The “K Closest Points to Origin” problem asks us to find the k points nearest to the origin (0,0) from a given list of 2D points. The distance is measured using the Euclidean formula, but since we only care about comparing distances (not actual values), we can safely use the squared distance formula to avoid unnecessary square root calculations.
This type of problem is common in computational geometry, spatial indexing, and real-world systems like nearest-neighbor searches in maps or recommendation engines.
To solve the problem efficiently, we use a max heap to keep track of the k closest points. As we iterate through each point, we calculate its squared distance from the origin. We maintain a heap of size at most k containing the closest points seen so far.
To simulate a max heap using Python’s built-in heapq
module (which is a min heap), we store the negative of the squared distance. If the heap grows beyond size k, we remove the point with the largest distance. At the end, the heap will contain exactly the k points closest to the origin.

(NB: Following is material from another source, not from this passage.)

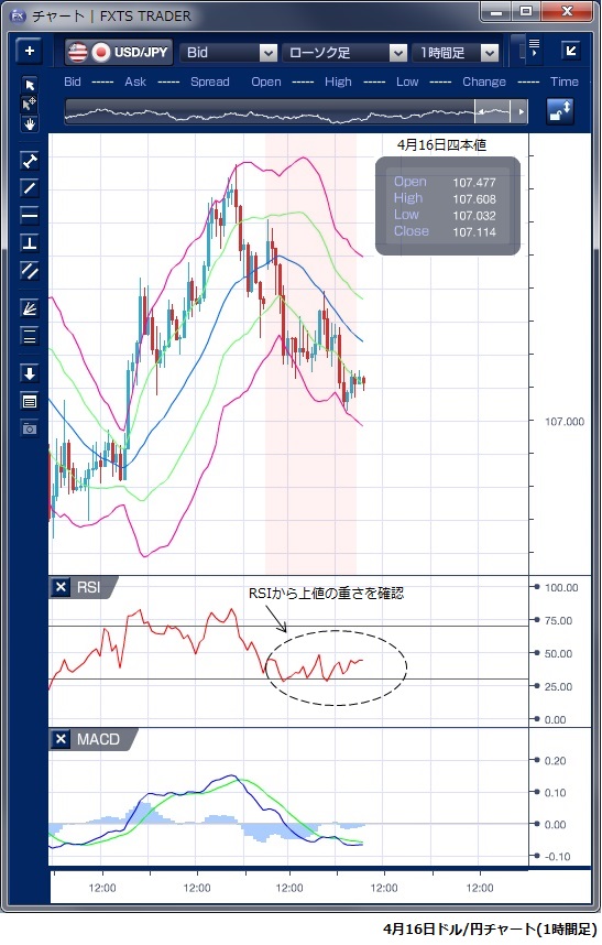4月16日のドル/円相場は、前週末の英米仏軍のシリア攻撃でも市場に大きなインパクトは見られず、107円前半から半ばの狭いレンジ内を上下する展開となりました。 しかし、日米首脳会談を控えてドルを買い進む状況にはなく、ドルの上値の重い印象の相場となりました。 海外時間に入っても、同様の動きが続き107円前半での狭い取引となりました。 3月の米小売売上高は前月比で4カ月ぶりに増加したものの、市場への影響は限られたものとなっています。 その後、トランプ米大統領がロシアや中国を「通貨切り下げをしている」と非難したことなどから、貿易摩擦懸念が再燃し、107円014銭の安値を付けました。 日米首脳会談で米国が円安をけん制するとの見方も残っており、ドルの上値を抑える要因となっていると指摘されます。 テクニカルでは、昨日一貫してRSIが50を下回って推移しており、ドルの上値の重いことを示唆していました。 ※チャートは、ドル/円の1時間足ボリンジャーバンドRSIMACDを表示しています。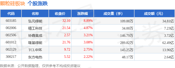 证券之星消息,11月3日颗粒硅板块较上一交易日上涨3.56%,弘元绿能领涨。当日上证指数报收于3976.52,上涨0.55%。深证成指报收于13404.06,上涨0.19%。颗粒硅板块个股涨跌见下表:

The standard Euclidean distance formula is √(x² + y²)
. However, since square roots are monotonic, the relative order of distances is preserved even without computing the square root. That’s why we use the x² + y²
value instead — it's simpler and faster.
The time complexity of this heap-based approach is O(n log k), where n is the number of points and k is the number of closest points we want. Each insertion into the heap takes O(log k), and we do this for all points.
The space complexity is O(k) for the heap that stores the closest points.
An alternate solution is to sort the list of points by their squared distances and return the first k. This takes O(n log n) time due to the sorting step, and O(n) space if not sorting in place. While this approach is simpler, the heap-based solution is more efficient when k is much smaller than n.
The “K Closest Points to Origin” problem demonstrates the power of heaps in reducing the overhead of sorting when only a subset of values is needed. Using a max heap in combination with squared Euclidean distance gives us a clean, efficient solution suitable for large-scale datasets and performance-sensitive applications.